• PROMPT: Repeat every entry word for word, skipping the pictures.

• RECORDS PROVIDED:
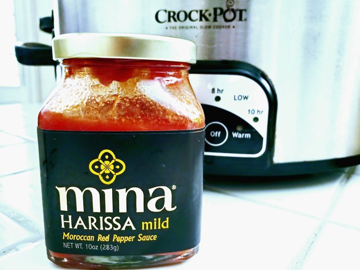 Place chicken in a slow cooker, pour the harissa over the chicken, and cover. Cook on HIGH for 2 hours or LOW 4 hours.
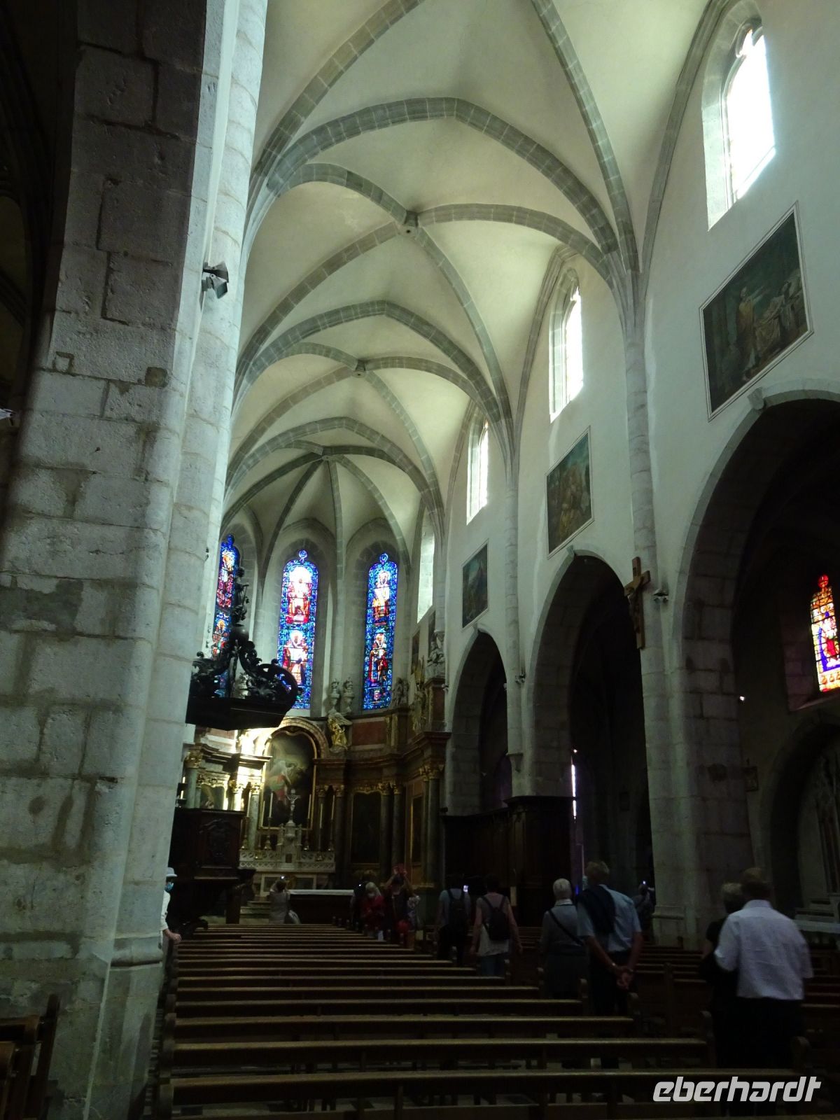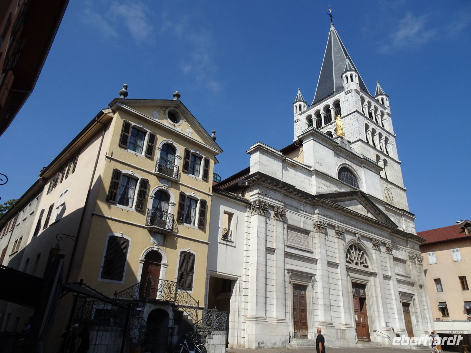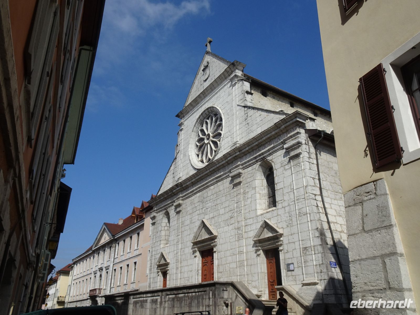 Wir unternahmen mit unserer sehr gut Deutsch sprechenden Reiseleiterin einen Stadtrundgang über Kanäle der Thiou mit sehr alten Brücken, zum Inselpalast, dem Rathaus sowie mehreren Kirchen. Dabei wurde eine Kirche sogar über einem der Kanäle errichtet! Eine der berühmtesten Persönlichkeiten der Stadt ist der Humanist und Theologe Franz von Sales (1567 – 1622), der einer der eifrigsten Widersacher gegen den insbesondere in Genf praktizierten Kalvinismus war. Franz von Sales wurde 1665 heiliggesprochen, seine Reliquien werden in der Kirche des Salesianerinnenklosters, die wir bei der Anreise über der Stadt thronen sahen, aufbewahrt.
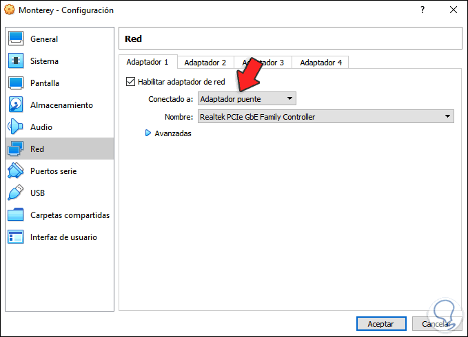 En la sección Red activamos el adaptador puente para establecer conexión con el equipo físico:
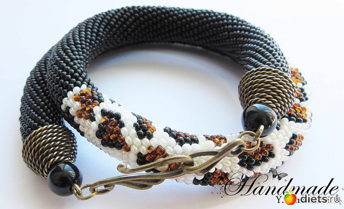 Жгут"Леопардовый" Жгут"Леопардовый". Материалы: Чешский бисер, металлическая фурнитура, бусины оникса.
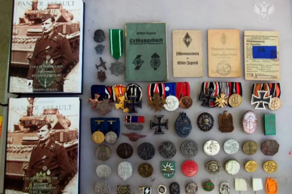 "Изъяты наградные кресты 1913–1925 годов, медали, знаки отличия и значки 1933–1945 годов, среди них Железный крест Третьего рейха, медали за выслугу в вермахте, крест "За военные заслуги" второй степени, значок с имперским орлом и другие", — гласит пост.

• OUTPUT OF THE TASK:
 Place chicken in a slow cooker, pour the harissa over the chicken, and cover. Cook on HIGH for 2 hours or LOW 4 hours.
 Wir unternahmen mit unserer sehr gut Deutsch sprechenden Reiseleiterin einen Stadtrundgang über Kanäle der Thiou mit sehr alten Brücken, zum Inselpalast, dem Rathaus sowie mehreren Kirchen. Dabei wurde eine Kirche sogar über einem der Kanäle errichtet! Eine der berühmtesten Persönlichkeiten der Stadt ist der Humanist und Theologe Franz von Sales (1567 – 1622), der einer der eifrigsten Widersacher gegen den insbesondere in Genf praktizierten Kalvinismus war. Franz von Sales wurde 1665 heiliggesprochen, seine Reliquien werden in der Kirche des Salesianerinnenklosters, die wir bei der Anreise über der Stadt thronen sahen, aufbewahrt.
 En la sección Red activamos el adaptador puente para establecer conexión con el equipo físico:
 Жгут"Леопардовый" Жгут"Леопардовый". Материалы: Чешский бисер, металлическая фурнитура, бусины оникса.
 "Изъяты наградные кресты 1913–1925 годов, медали, знаки отличия и значки 1933–1945 годов, среди них Железный крест Третьего рейха, медали за выслугу в вермахте, крест "За военные заслуги" второй степени, значок с имперским орлом и другие", — гласит пост.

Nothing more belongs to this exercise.